**WHAT YOU SHOULD DO**.
Transcribe the data exactly. Pictures stay out.

**INFORMATION SUPPLIED**.
========================================
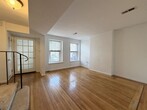 Charming 2 bedroom in brick row home on quiet tree lined street in great Journal Square neighborhood. Walk into the duplex unit which features a great size living area, large eat-in kitchen with stainless steel appliances and full-size bath. Beyond this is a laundry/office area that leads out to a well-manicured private backyard lined with lush trees for ultimate privacy. The second-floor features 2 large railroad style bedrooms. One room opening to the second through beautiful french doors. Perfect for large office or nursery! Gorgeous original hardwood floors and tons of natural light and central air conditioning complete the space. Access to basement area and outdoor shed makes for excellent additional storage. All this located close to transportation, shops and restaurants. Tenant pays utilities (gas/electric/heat/hot water). 1.5 security deposit.
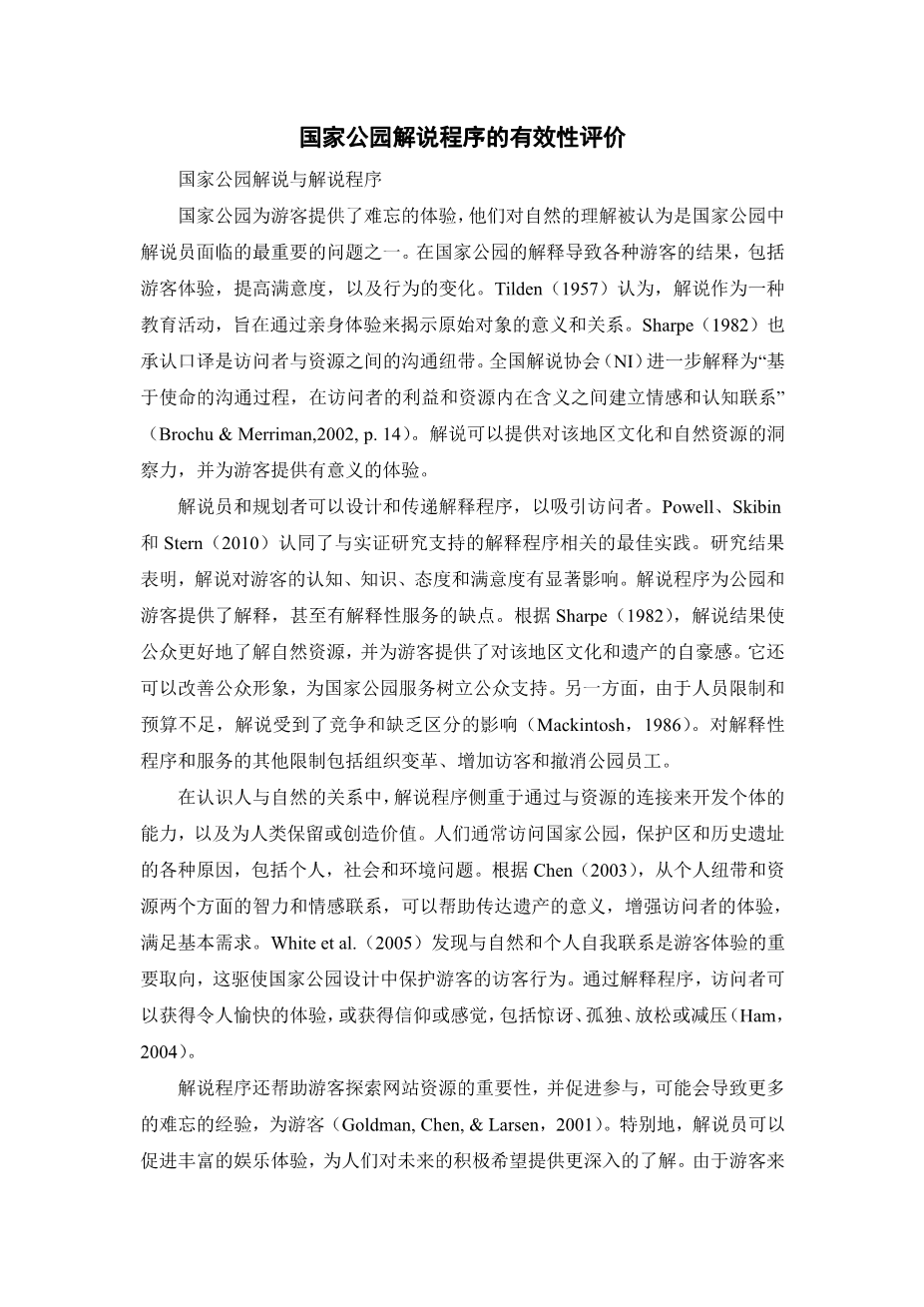 National parks provide memorable experiences for visitors, and their understanding of nature is considered to be one of the most important issues facing interpreters at national parks. Interpretation in national parks result in a variety of visitor outcomes, including visitor experience, improved satisfaction, and behavior change. According to Tilden (1957), interpretation is defined as an educational activity which aims to reveal meaning and relationships through the original objects by firsthand experience. Sharpe (1982) also acknowledged that interpretation is the communication link between the visitor and the resources. The National Association for Interpretation (NAI) further defined interpretation as “a mission-based communication process that forges emotional and cognitive connections between the interests of the visitor and the meanings inherent in the resource” (Brochu amp; Merriman,2002, p. 14). Interpretation can offer insight into the cultural and natural resources of the area, and provide the visitor with meaningful experiences.
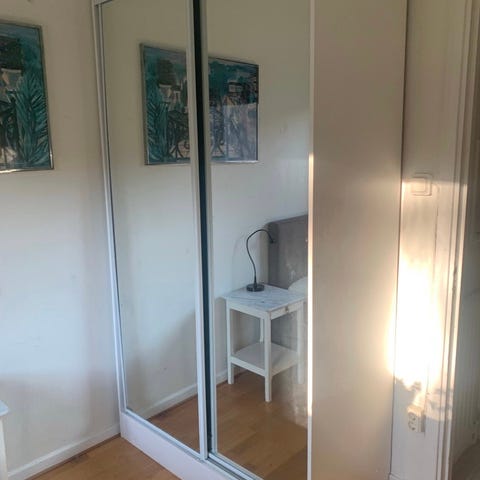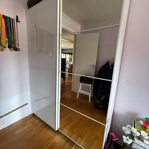 Garderob med skjutdörrar och en spegeldörr. I mycket gott skick. Hämtas i närheten av Vreta, Norrtälje. Obs att den är tung och måste bäras nedför en liten backe. Vi kan tyvärr inte erbjuda bärhjälp.
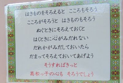 玄関では運動会が続いています。図書室からの「本の運動会」です。毎日1位が入れ替わる激戦です。どこのチームが優勝するのでしょうか。今週いっぱい続きます。げた箱はいつも写真の通りで気持ちがよいです。運動会練習でげた箱を使うことが多かったですが、きちんとかかとがそろえられています。貼り紙にもすてきな言葉が書かれています。ずいぶん前から貼られているので、あらためて紹介したいと思います。
========================================
**SOLVED EXERCISE**.
 Charming 2 bedroom in brick row home on quiet tree lined street in great Journal Square neighborhood. Walk into the duplex unit which features a great size living area, large eat-in kitchen with stainless steel appliances and full-size bath. Beyond this is a laundry/office area that leads out to a well-manicured private backyard lined with lush trees for ultimate privacy. The second-floor features 2 large railroad style bedrooms. One room opening to the second through beautiful french doors. Perfect for large office or nursery! Gorgeous original hardwood floors and tons of natural light and central air conditioning complete the space. Access to basement area and outdoor shed makes for excellent additional storage. All this located close to transportation, shops and restaurants. Tenant pays utilities (gas/electric/heat/hot water). 1.5 security deposit.
 National parks provide memorable experiences for visitors, and their understanding of nature is considered to be one of the most important issues facing interpreters at national parks. Interpretation in national parks result in a variety of visitor outcomes, including visitor experience, improved satisfaction, and behavior change. According to Tilden (1957), interpretation is defined as an educational activity which aims to reveal meaning and relationships through the original objects by firsthand experience. Sharpe (1982) also acknowledged that interpretation is the communication link between the visitor and the resources. The National Association for Interpretation (NAI) further defined interpretation as “a mission-based communication process that forges emotional and cognitive connections between the interests of the visitor and the meanings inherent in the resource” (Brochu amp; Merriman,2002, p. 14). Interpretation can offer insight into the cultural and natural resources of the area, and provide the visitor with meaningful experiences.
 Garderob med skjutdörrar och en spegeldörr. I mycket gott skick. Hämtas i närheten av Vreta, Norrtälje. Obs att den är tung och måste bäras nedför en liten backe. Vi kan tyvärr inte erbjuda bärhjälp.
 玄関では運動会が続いています。図書室からの「本の運動会」です。毎日1位が入れ替わる激戦です。どこのチームが優勝するのでしょうか。今週いっぱい続きます。げた箱はいつも写真の通りで気持ちがよいです。運動会練習でげた箱を使うことが多かったですが、きちんとかかとがそろえられています。貼り紙にもすてきな言葉が書かれています。ずいぶん前から貼られているので、あらためて紹介したいと思います。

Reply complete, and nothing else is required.